Commenting on the research, Dr Maria Neira, Director, Department of Public Health, Environment and Social Determinants of Health, at WHO, said: “We urgently need to know more about the health impact of microplastics because they are everywhere – including in our drinking-water. Based on the limited information we have, microplastics in drinking water don’t appear to pose a health risk at current levels. But we need to find out more. We also need to stop the rise in plastic pollution worldwide.”

‘Affecting ecosystems in detrimental ways’

Although there may be insufficient evidence to prove that microplastics are a significant concern for human health, the damaging impact of plastics on the environment is undeniable.

Microplastics make up almost 13 per cent of the 12.2 million tonnes of plastic ending up in the marine environment every year, according to a 2016 study by Eunomia Research and Consulting. In 2017, researchers from the University of Newcastle found plastic particles to be ubiquitous in the deepest part of the world’s oceans, where it is mistaken for food and ingested by marine organisms.

In January 2018, the UK Government introduced a ban on the manufacture of cosmetic products containing microbeads, following a public consultation of industry and environmental groups. The European Union has also proposed a wide-ranging ban on microplastics in products.
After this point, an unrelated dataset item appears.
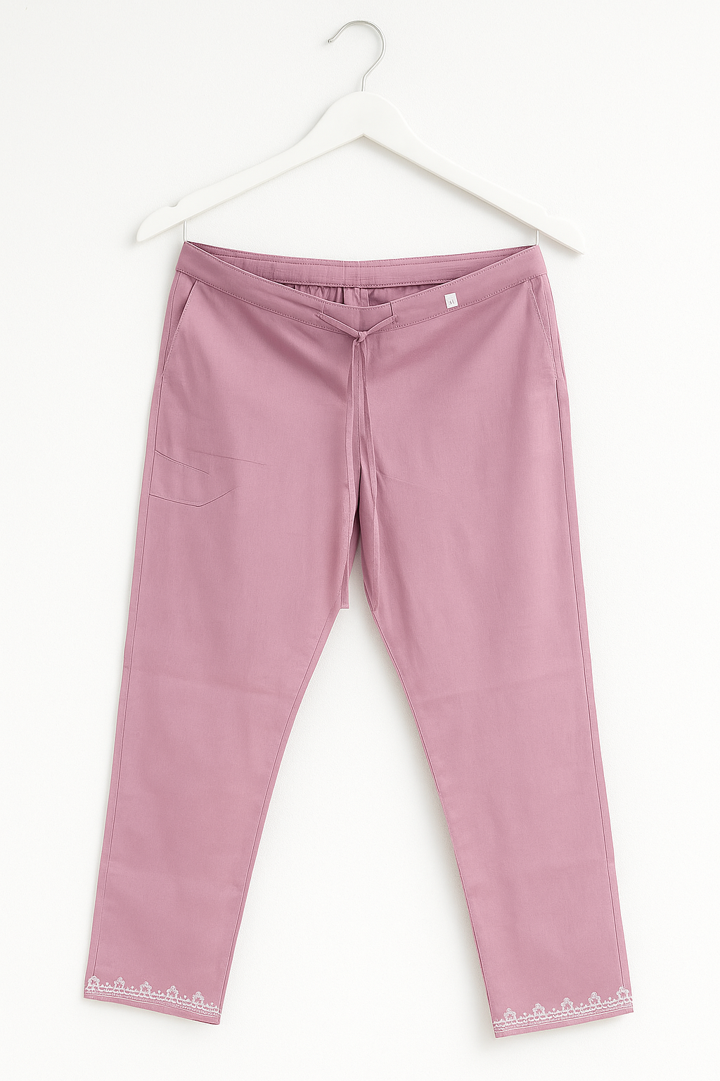 Step into elegance with this pastel mauve 3-piece cotton kurti set, designed for effortless grace and comfort. Crafted from breathable cotton fabric, this set includes a beautifully embroidered straight-cut kurti, matching tapered pants with border detailing, and a delicate dupatta adorned with floral threadwork. The subtle pastel tone enhances your charm, making it perfect for festive occasions, office wear, or casual gatherings.
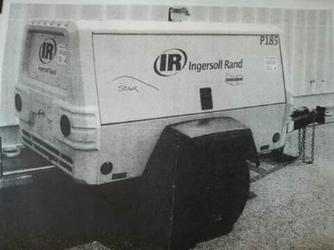 The Ingersoll Rand compressor has the number “P185” on it and is cream and black-colored. It is valued at $14,500.

Commenting on the WHO's analysis, Simon Hann, Lifecycle Assessment Specialist at Eunomia Research and Consulting, added: “Whilst the limited evidence is encouraging this does not detract from the larger issue of microplastics in all environments affecting ecosystems in detrimental ways that we are only just beginning to comprehend.

“Inaction will only result in these materials accumulating further and increase the risk of negative consequences throughout the food chain; therefore it is still important to focus on preventive measures to ensure that plastic does not enter the environment as we can’t remove it once it’s out there.”